| Exercise aim |
Every line below must be reproduced exactly. Copy them all.

(Stored items from a collection)
--

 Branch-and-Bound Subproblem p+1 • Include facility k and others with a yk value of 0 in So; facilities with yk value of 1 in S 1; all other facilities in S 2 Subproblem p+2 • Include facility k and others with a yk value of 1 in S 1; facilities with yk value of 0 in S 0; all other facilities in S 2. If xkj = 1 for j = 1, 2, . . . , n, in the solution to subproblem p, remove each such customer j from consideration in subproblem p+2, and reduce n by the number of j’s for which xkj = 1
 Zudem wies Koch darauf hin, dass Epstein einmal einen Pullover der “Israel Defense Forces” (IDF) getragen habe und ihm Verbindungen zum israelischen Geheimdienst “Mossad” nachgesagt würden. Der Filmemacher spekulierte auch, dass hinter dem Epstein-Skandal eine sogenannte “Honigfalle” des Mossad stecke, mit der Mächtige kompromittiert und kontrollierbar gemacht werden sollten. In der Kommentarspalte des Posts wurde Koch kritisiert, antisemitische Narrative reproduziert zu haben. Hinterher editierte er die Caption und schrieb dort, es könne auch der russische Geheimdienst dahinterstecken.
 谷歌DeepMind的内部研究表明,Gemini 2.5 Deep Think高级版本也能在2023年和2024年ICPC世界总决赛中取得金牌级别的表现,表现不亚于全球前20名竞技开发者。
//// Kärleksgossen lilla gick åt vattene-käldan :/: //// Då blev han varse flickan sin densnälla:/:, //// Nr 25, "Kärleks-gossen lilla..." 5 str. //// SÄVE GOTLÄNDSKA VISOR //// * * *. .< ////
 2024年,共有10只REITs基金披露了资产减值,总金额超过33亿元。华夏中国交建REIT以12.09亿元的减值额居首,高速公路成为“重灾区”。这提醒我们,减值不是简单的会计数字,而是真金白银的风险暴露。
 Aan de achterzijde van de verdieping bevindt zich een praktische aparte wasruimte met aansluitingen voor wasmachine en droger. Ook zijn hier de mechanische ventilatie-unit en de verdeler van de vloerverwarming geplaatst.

--

| Result of the exercise |
 Branch-and-Bound Subproblem p+1 • Include facility k and others with a yk value of 0 in So; facilities with yk value of 1 in S 1; all other facilities in S 2 Subproblem p+2 • Include facility k and others with a yk value of 1 in S 1; facilities with yk value of 0 in S 0; all other facilities in S 2. If xkj = 1 for j = 1, 2, . . . , n, in the solution to subproblem p, remove each such customer j from consideration in subproblem p+2, and reduce n by the number of j’s for which xkj = 1
 Zudem wies Koch darauf hin, dass Epstein einmal einen Pullover der “Israel Defense Forces” (IDF) getragen habe und ihm Verbindungen zum israelischen Geheimdienst “Mossad” nachgesagt würden. Der Filmemacher spekulierte auch, dass hinter dem Epstein-Skandal eine sogenannte “Honigfalle” des Mossad stecke, mit der Mächtige kompromittiert und kontrollierbar gemacht werden sollten. In der Kommentarspalte des Posts wurde Koch kritisiert, antisemitische Narrative reproduziert zu haben. Hinterher editierte er die Caption und schrieb dort, es könne auch der russische Geheimdienst dahinterstecken.
 谷歌DeepMind的内部研究表明,Gemini 2.5 Deep Think高级版本也能在2023年和2024年ICPC世界总决赛中取得金牌级别的表现,表现不亚于全球前20名竞技开发者。
//// Kärleksgossen lilla gick åt vattene-käldan :/: //// Då blev han varse flickan sin densnälla:/:, //// Nr 25, "Kärleks-gossen lilla..." 5 str. //// SÄVE GOTLÄNDSKA VISOR //// * * *. .< ////
 2024年,共有10只REITs基金披露了资产减值,总金额超过33亿元。华夏中国交建REIT以12.09亿元的减值额居首,高速公路成为“重灾区”。这提醒我们,减值不是简单的会计数字,而是真金白银的风险暴露。
 Aan de achterzijde van de verdieping bevindt zich een praktische aparte wasruimte met aansluitingen voor wasmachine en droger. Ook zijn hier de mechanische ventilatie-unit en de verdeler van de vloerverwarming geplaatst.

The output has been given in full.